Hello Stefan.
Thanks. I understand qemu supports other scsi adapters however. See this post
from earlier this year.
That post makes reference to the following hbas: auto, buslogic, ibmvscsi.
lsilogic, lsisas1068, lsisas1078, virtio-scsi, vmpvscsi.
The post is referring to libvirt, so the number of adapters may be related to
the various virtualization backends that libvirt can interface with.
There are numerous references to qemu/qemu-kvm supporting other scsi adapters
as well as AHCI SATA. I installed the Centos 6.4 based node, so perhaps the
Fedora 19 based node has a newer qemu that supports more of these features? I
might see if I can do an install of the Fedora 19 based node tomorrow.
Ayal mentioned using 'hooks' to interface with qemu to possibly create a VM
outside of the definitions that Ovirt allows. If I am understanding this
correctly - how do I do this? Am I to expect some interface inconsistencies in
the ovirt portal I I view a 'custom' VM like this?
So, in short - is there the potential for me to create a VM in ovirt that has a
SCSI/SAS/SATA HBA and attach disk(s) to it (other than the virtio-scsi HBA
which is not supported under EL5)?
On Thursday, 14 November 2013 11:22 PM, Stefan Hajnoczi <[email protected]>
wrote:
On Thu, Nov 14, 2013 at 02:39:33AM -0500, Ayal Baron wrote:
> > ----- Original Message -----
> > > Hello Itamar.
> > > The specific use case is a particular propriety filesystem that needs to
> > > see
> > > a scsi device. It will do scsi inquiry conmmands to verify suitability.
> > > In talking to the devs - of the filesystem - there is no way around it.
> > > I'd
> > > previously tried virtio-block - resulting in the /dev/vd* device - and the
> > > filesystem would not work.
> > >
> > > From doing a bit of web searching it appears the kvm/qemu supports (or did
> > > support) an emulated LSI scsi controller. My understanding is that the
> > > various virtualization platforms will emulate a well supported device (by
> > > the guest OSes) so that drivers are not an issue. For example this should
> > > allow a VM on Vmware vsphere/vcenter to be exported to Ovirt and have it
> > > boot up. The potential for further optimising the guest is there by
> > > installing ovirt/qemu/kvm guest utils that then allow the guest OS to
> > > understand the virtio nic and scsi devices. The guest could then be shut
> > > down, the nic and scsi controller changed and the guest booted up again.

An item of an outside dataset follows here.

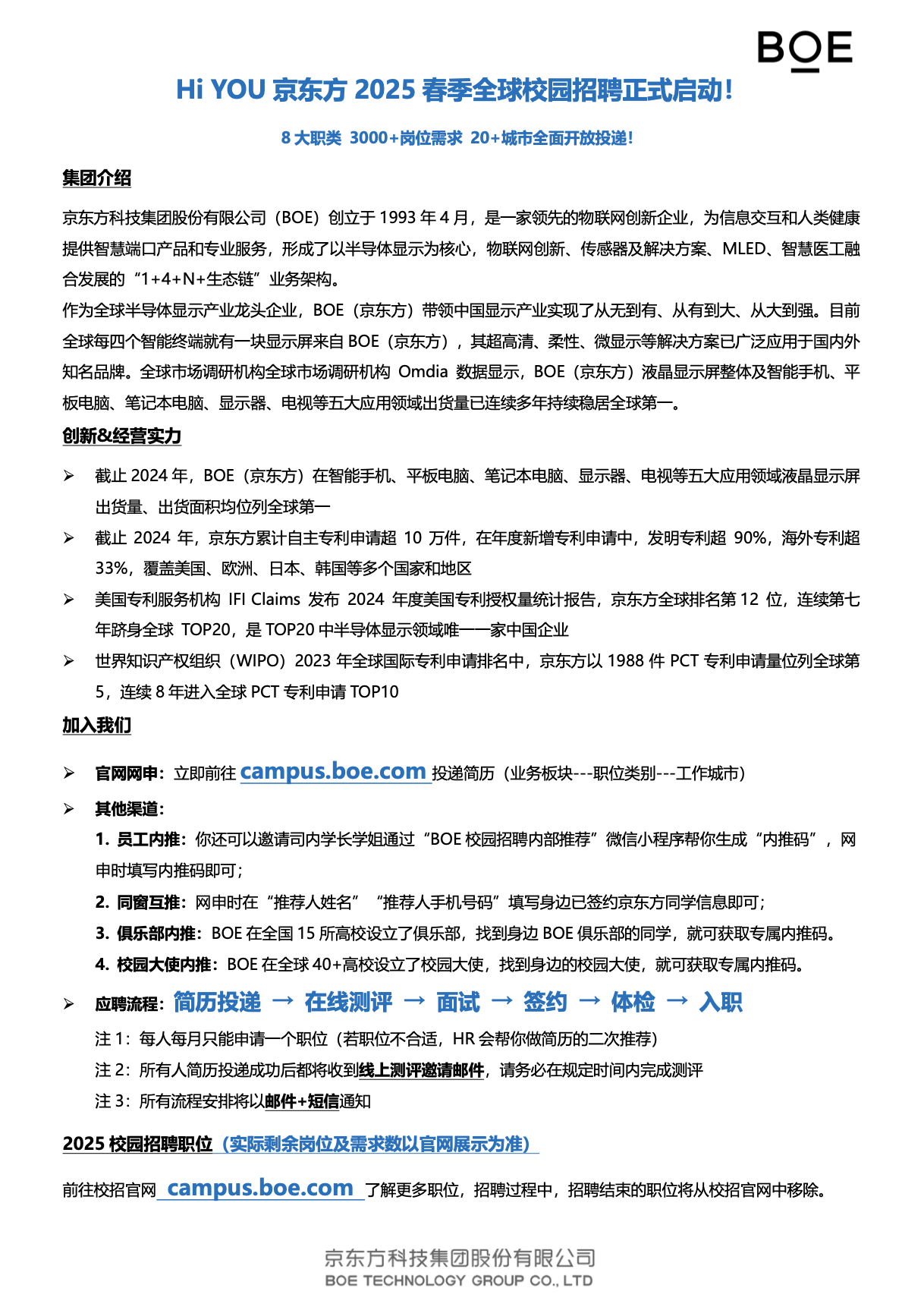 京东方科技集团股份有限公司(BOE)创立于1993年4月,是一家为信息交互和人类健康提供智慧端口产品和专业服务的物联网公司,形成了以半导体显示事业为核心,Mini LED、传感器及解决方案、智慧系统创新、智慧医工事业融合发展的“1+4+N”航母事业群。
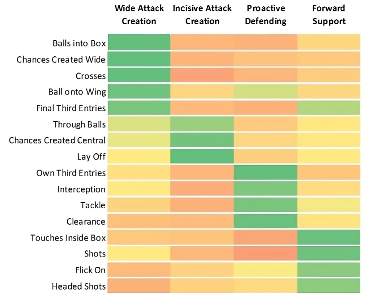 Например, в первой таблице тепловая карта АОК для атакующих полузащитников идентифицировала то, что игроки, делающие больше всего отборов, также делают больше всего перехватов, выносов, но реже наносят удары и делают меньше касаний в штрафной площади соперников. Сгенерированная по основным компонентам таблица дает нам понимание того, что атакующие полузащитники играют в стилях ‘Wide Attack Creation’ (атака по всей ширине), ‘Incisive Attack Creation’ (проникающие передачи), ‘Proactive Defending’ (проактивная оборона) and ‘Forward Support’ (поддержка нападающих). Посмотреть АОК (PCA) для всех позиций можно здесь.

> > > You can do the same thing in the Vmware world by installing their guest
> > > tools, shutting down the guest VM, then reconfiguring it with a vmxnet3
> > > nic
> > > and pvscsi scsi adapter, then booting up again.
> > > It does seem somewhat inconsistent in Ovirt that we allow a choice of
> > > Intel
> > > e1000 or virtio nics, but do not offer any choice with the scsi adapter.
> >
> > virtio-scsi support was just recently added to oVirt to allow for scsi
> > passthrough and improved performance over virtio-blk.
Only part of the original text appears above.